Aim of the exercise
Your copy begins at the line with "PointClickCare, situated in" and runs through the end of the data below. Set down only those lines exactly, without pictures.

Information shown

########

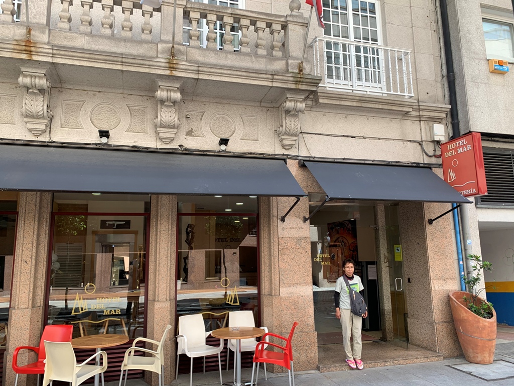 友達夫婦は6時半にタクシ-で、既にサンチャゴ空港に向かっている。私達は8時過ぎ朝食に出かける。バイキング方式の朝食だった。今日はビ-ゴ(Vigo)へ移動する。9時にチェックアウトして、サンチャゴ駅(Estacion de Autobuses)に向かう。何回か通った道なので迷うことなく、9時半駅に着く。窓口でVigo行きの切符を購入する。出発線が沢山あるので、何度も係員に確認する。10時発のバスに無事乗り込む。空席が多少あったが、公園近くの停留場で満員になる。見覚えのあるPontevedra駅に10時4分に停車する。Vigoの街中に11時半に到着し、ここで降車しても良かったが、更に10分程行った終着駅のビ-ゴ駅(Estacion de Autobuses)まで行く。明日のポルト行の切符を購入しようと窓口に行くが閉まっていた。
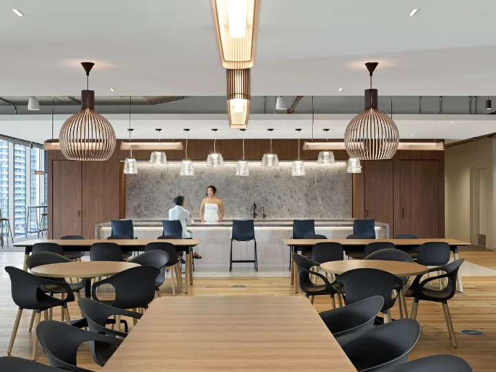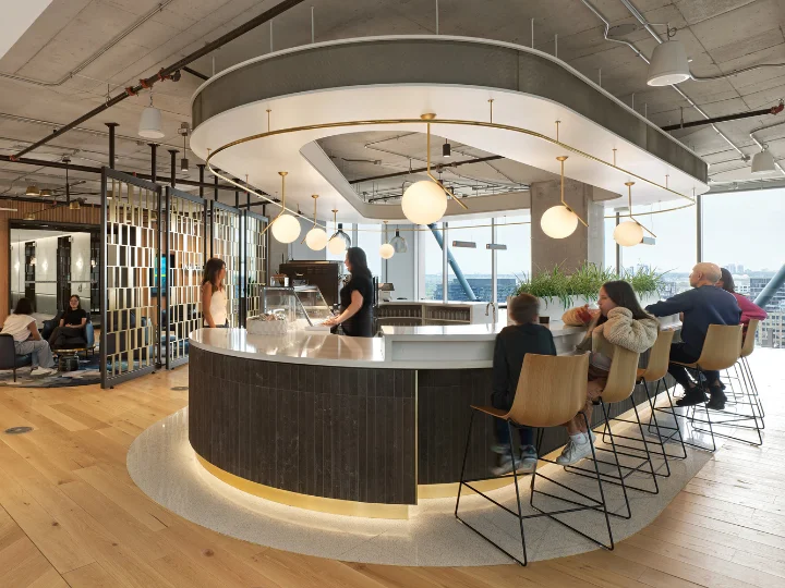 PointClickCare, situated in downtown Toronto, features a strategically designed lighting scheme that balances aesthetics, functionality, and employee well-being. This versatile workplace supports a range of activities, from focused tasks at individual workstations to relaxed interactions in lounges and collaborative discussions in communal spaces and private meeting rooms.
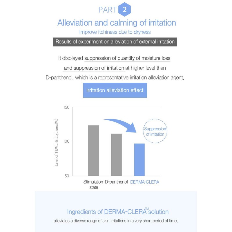 - DERMA-CLERA helps fortify the skin barrier, calms the skin, maintains moisture level, alleviates and calms irritation, and helps skin regenerate.
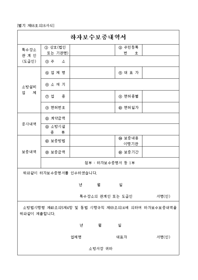 9,000원/월[별지 제66호의16서식] 소방법시행령 제40조의5제4항 및 동법 시행규칙 제69조의14에 의한 하자보수보증내역서 양식입니다.
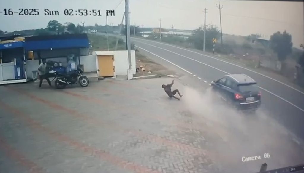 நாகப்பட்டினம் மாவட்டம் பாப்பாகோவில் சமத்துவபுரத்தை சேர்ந்தவர் 30 வயதான மணிகண்டன் ஆட்டோ ஓட்டுனரான இவர் தனது இருசக்கர வாகனத்திற்கு பெட்ரோல் போட கருவேலங்கடை பெட்ரோல் பங்க் திரும்பியபோது வேளாங்கண்ணியில் இருந்து நாகப்பட்டினம் நோக்கி சென்ற கார் இவர் மீது பயங்கரமாக மோதியது இதில் 100 மீட்டர் தூரத்திற்கு தூக்கி வீசப்பட்ட மணிகண்டன் சம்பவ இடத்திலேயே பலியானார் தகவல் அறிந்து வந்த வேளாங்கண்ணி போலீசார் உடலை கைப்பற்றி ஒரத்தூர் மருத்துவக் கல்லூரி மருத்துவமனைக்கு அனுப்பி வைத்தனர் விபத்து ஏற்படுத்திய காரை பறிமுதல் செய்த வேளாங்கண்ணி போலீசார் இது குறித்து வழக்கு பதிவு செய்து விசாரணை மேற்கொண்டு வருகின்றனர் இறந்தவர் உடலை கண்டு உறவினர்கள் கதறி அழுத சம்பவம் அப்பகுதியில் பெரும் சோகத்தை ஏற்படுத்தியது மேலும் இருசக்கர வாகனம் மீது கார் மோதி மணிகண்டன் தூக்கி வீசப்படும் பரபரப்பு சிசிடிவி காட்சிகள் வெளியாகி அதிர்ச்சியை ஏற்படுத்தி உள்ளது

########

Task output
 PointClickCare, situated in downtown Toronto, features a strategically designed lighting scheme that balances aesthetics, functionality, and employee well-being. This versatile workplace supports a range of activities, from focused tasks at individual workstations to relaxed interactions in lounges and collaborative discussions in communal spaces and private meeting rooms.
 - DERMA-CLERA helps fortify the skin barrier, calms the skin, maintains moisture level, alleviates and calms irritation, and helps skin regenerate.
 9,000원/월[별지 제66호의16서식] 소방법시행령 제40조의5제4항 및 동법 시행규칙 제69조의14에 의한 하자보수보증내역서 양식입니다.
 நாகப்பட்டினம் மாவட்டம் பாப்பாகோவில் சமத்துவபுரத்தை சேர்ந்தவர் 30 வயதான மணிகண்டன் ஆட்டோ ஓட்டுனரான இவர் தனது இருசக்கர வாகனத்திற்கு பெட்ரோல் போட கருவேலங்கடை பெட்ரோல் பங்க் திரும்பியபோது வேளாங்கண்ணியில் இருந்து நாகப்பட்டினம் நோக்கி சென்ற கார் இவர் மீது பயங்கரமாக மோதியது இதில் 100 மீட்டர் தூரத்திற்கு தூக்கி வீசப்பட்ட மணிகண்டன் சம்பவ இடத்திலேயே பலியானார் தகவல் அறிந்து வந்த வேளாங்கண்ணி போலீசார் உடலை கைப்பற்றி ஒரத்தூர் மருத்துவக் கல்லூரி மருத்துவமனைக்கு அனுப்பி வைத்தனர் விபத்து ஏற்படுத்திய காரை பறிமுதல் செய்த வேளாங்கண்ணி போலீசார் இது குறித்து வழக்கு பதிவு செய்து விசாரணை மேற்கொண்டு வருகின்றனர் இறந்தவர் உடலை கண்டு உறவினர்கள் கதறி அழுத சம்பவம் அப்பகுதியில் பெரும் சோகத்தை ஏற்படுத்தியது மேலும் இருசக்கர வாகனம் மீது கார் மோதி மணிகண்டன் தூக்கி வீசப்படும் பரபரப்பு சிசிடிவி காட்சிகள் வெளியாகி அதிர்ச்சியை ஏற்படுத்தி உள்ளது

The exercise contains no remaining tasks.